A few years ago I had minor surgery. A guy I’d been dating only a few weeks came with me to the hospital because I had to be put under. Being under around a new boyfriend made me nervous. I was worried I’d say something insane, like “I love you.” And follow it up with “It’s not the anesthesia. As soon as I get this IV out, let’s drive to Vegas and get married.” Unfortunately I didn’t say either of those things.
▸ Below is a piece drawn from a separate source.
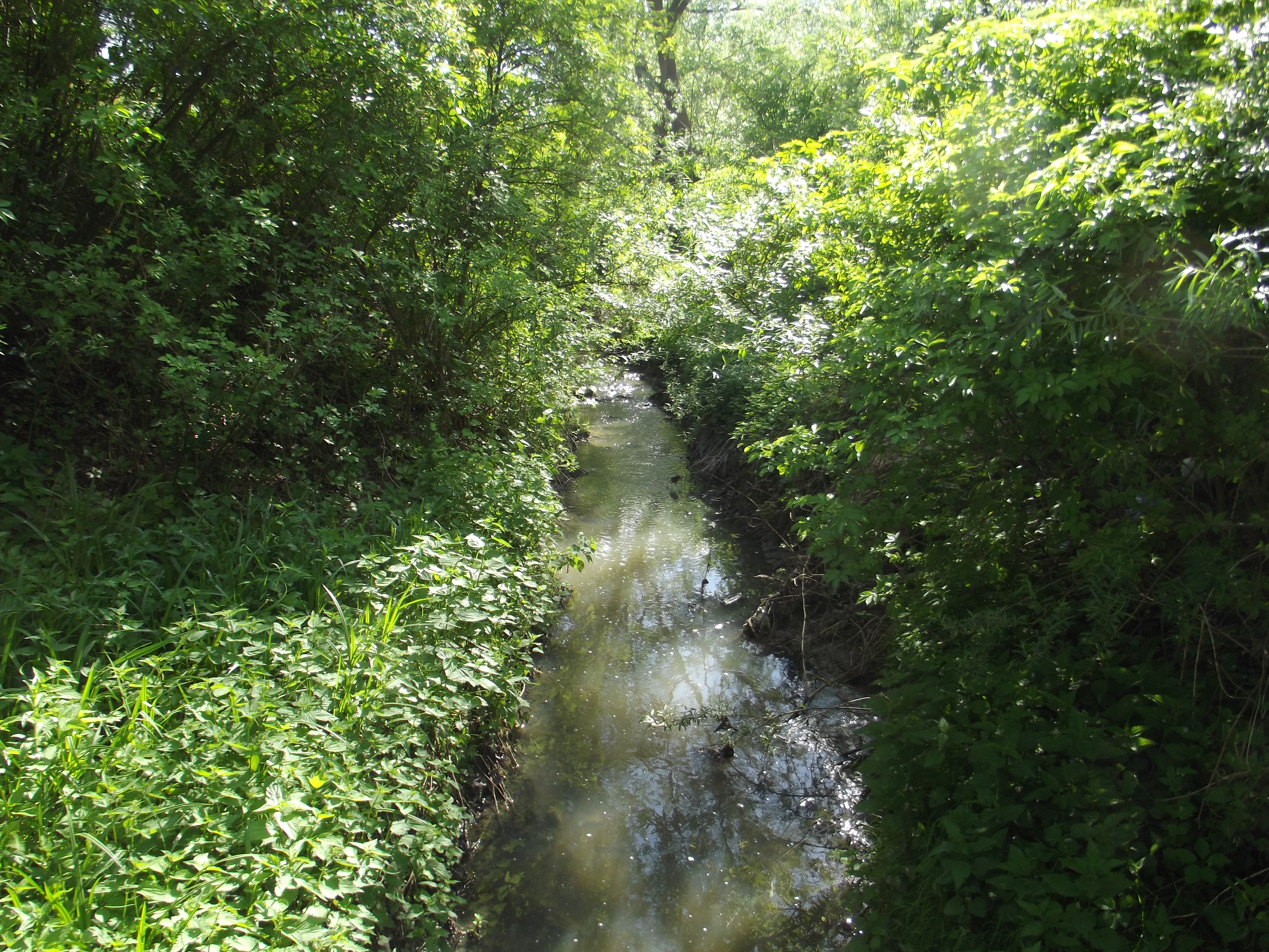 A stream running trough the Olszanica (a part of Kraków)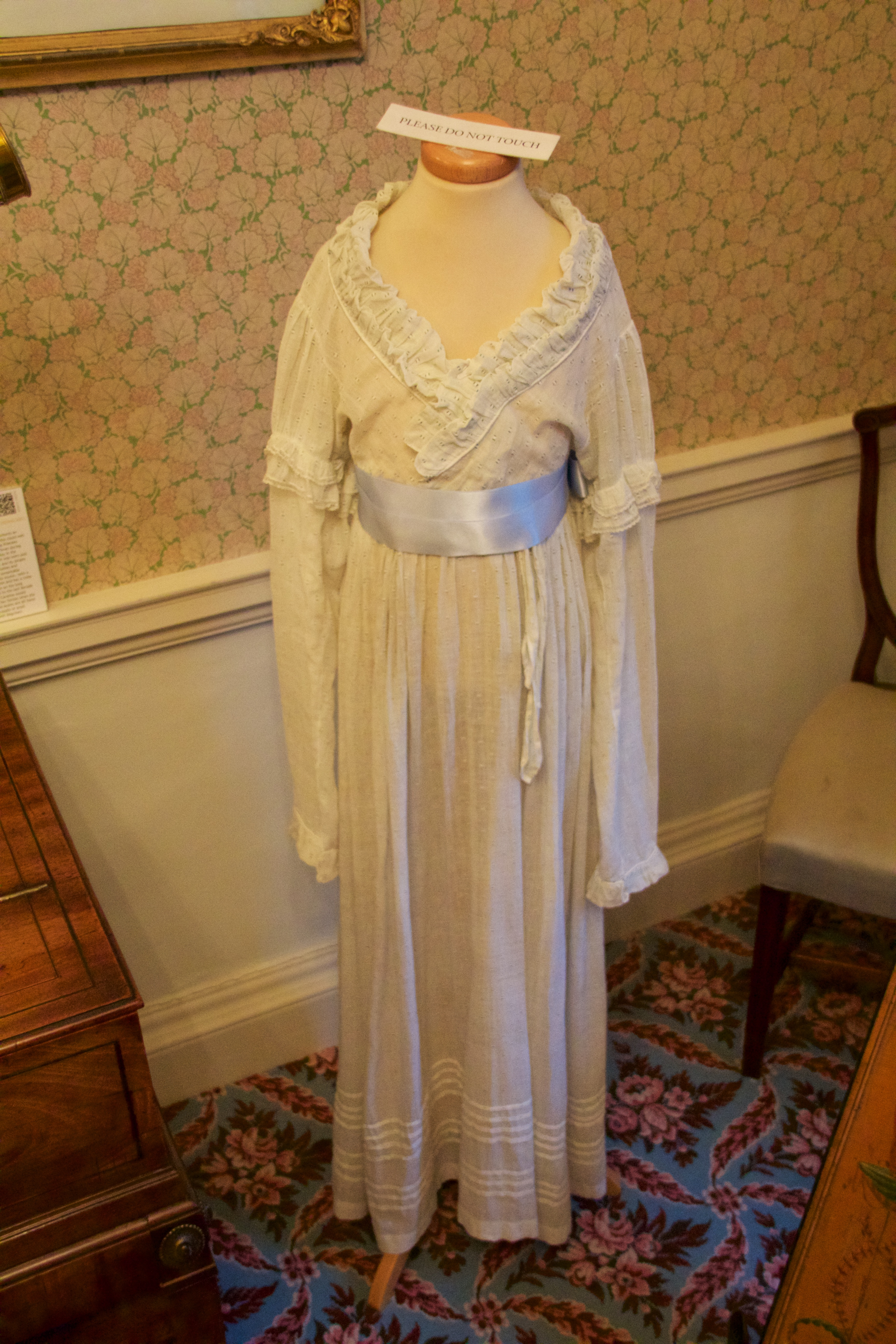 "Dress worn by Caroline Herschel. Caroline Herschel was by all accounts an exceptionally petite lady and this could well have been due to her suffering illnesses such as smallpox and scarlet fever during childhood. The dress on display in the drawing room of the museum was worn and probably made by Caroline, and its simple design reflects the simple tastes and unassuming nature of this remarkable woman. It is made of white muslin, with a pale blue flower decoration, and has a cross-over boudice and lacy trim at the long sleeves. The dress dates to the last decade of the 18th century, so Caroline would probably have been in her forties when she wore it. The pleats and seams are all hand stitched and it has a couple of small patches, which are well disguised." At the William Herschel Museum, Bath.

Instead, after the anesthesiologist had gotten me good and stoned, I told my new beau I wanted to go to a nearby cat shelter. He said it wasn’t a good idea; I already had two cats. I begged him. I told him I wasn’t going to get another cat; I just wanted to look! Apparently, from what the nurses told me, I was pretty adamant. He suggested we do it another time. Annoyed, I told him, “Fine, but if I ever have a million dollars, I’m going to buy a boat and fill it with a hundred cats.” Then I fell asleep. Now, this is one of the stories that has earned me the nickname Cat Lady. It’s enough to turn the page, right? Blow right past me. I get it. I once had a guy break it off after he saw my dead cat Emmett’s newly minted gravestone on my kitchen counter. But should this really have sent the guy running? I don’t think so. I think cat ladies are “perfect” ladies in the rough—and I can prove it.

A truly easygoing person isn’t defined by wearing only ChapStick. An easygoing person is someone who doesn’t compare herself to anyone else. Now, we live in a dog world. The internet has created a sort of cat renaissance, but for the most part, cat ladies are swimming upstream, going against the pet-owner grain. And that is the kind of girl you want. Why would you want a dog lady? She always has to go home and let her dog out. It gets jealous and bites. It has to be walked. It barks. You always have to stay at her place. Cat ladies are cool. We’re not up at the crack of dawn to drag you on a hike with our dumb dog. We’re cuddlers! Cats are soft. And tired all the time. We, and our cats, like to sleep in and be lazy. We don’t have to get up and let our cats out. Cats shit in boxes! You can’t get lazier than that.

Cats are also the most aloof pets. This aloofness makes them independent. And cat owners admire this independence because they themselves are independent. You don’t want a woman who has to be attached at the hip. And guess what—Cat Lady can’t be attached at the hip, because she has a reason to go home in the morning. Actually, I have two reasons. But don’t worry. If you want to go away for a weekend, I can go. And unlike Dog Lady, I won’t bring my cats. I’ll leave them at home, because cats can take care of themselves, like their owners.

Cat ladies are willing to clean up urine, vomit and feces that didn’t come from them. You can’t show us anything we haven’t seen. We’re unflappable. I gave my cat Emmett insulin shots every 12 hours for six years. We’re caretakers. If you’re sick, I’ll give you medicine. If you’re good, I’ll give you a treat. If you’re drunk and piss your pants, I’ll throw them in the laundry and pretend it didn’t happen. Cat ladies will take care of you. They want to take care of you.

And I’d like to remind you: “Doggy” is a style, but if you’re good at it, they say you’re a “tiger in the sack.”

Now, I’m not a crazy cat lady, just a cat lady. So if a girl calls her cats “fur babies” or has a cat stroller (I had one for a short time before I realized it was a mistake), then maybe it’s not going to work. But have an open mind about cat ladies. A lot of qualities you’re looking for in a woman could be in your own backyard…literally. One of her cats could have escaped and she might be looking for him back there. Or she could be at your gym or office or living in your building. Maybe she’s buzzing the Chinese take-out guy in right now. Go find her! Just bring a lint roller.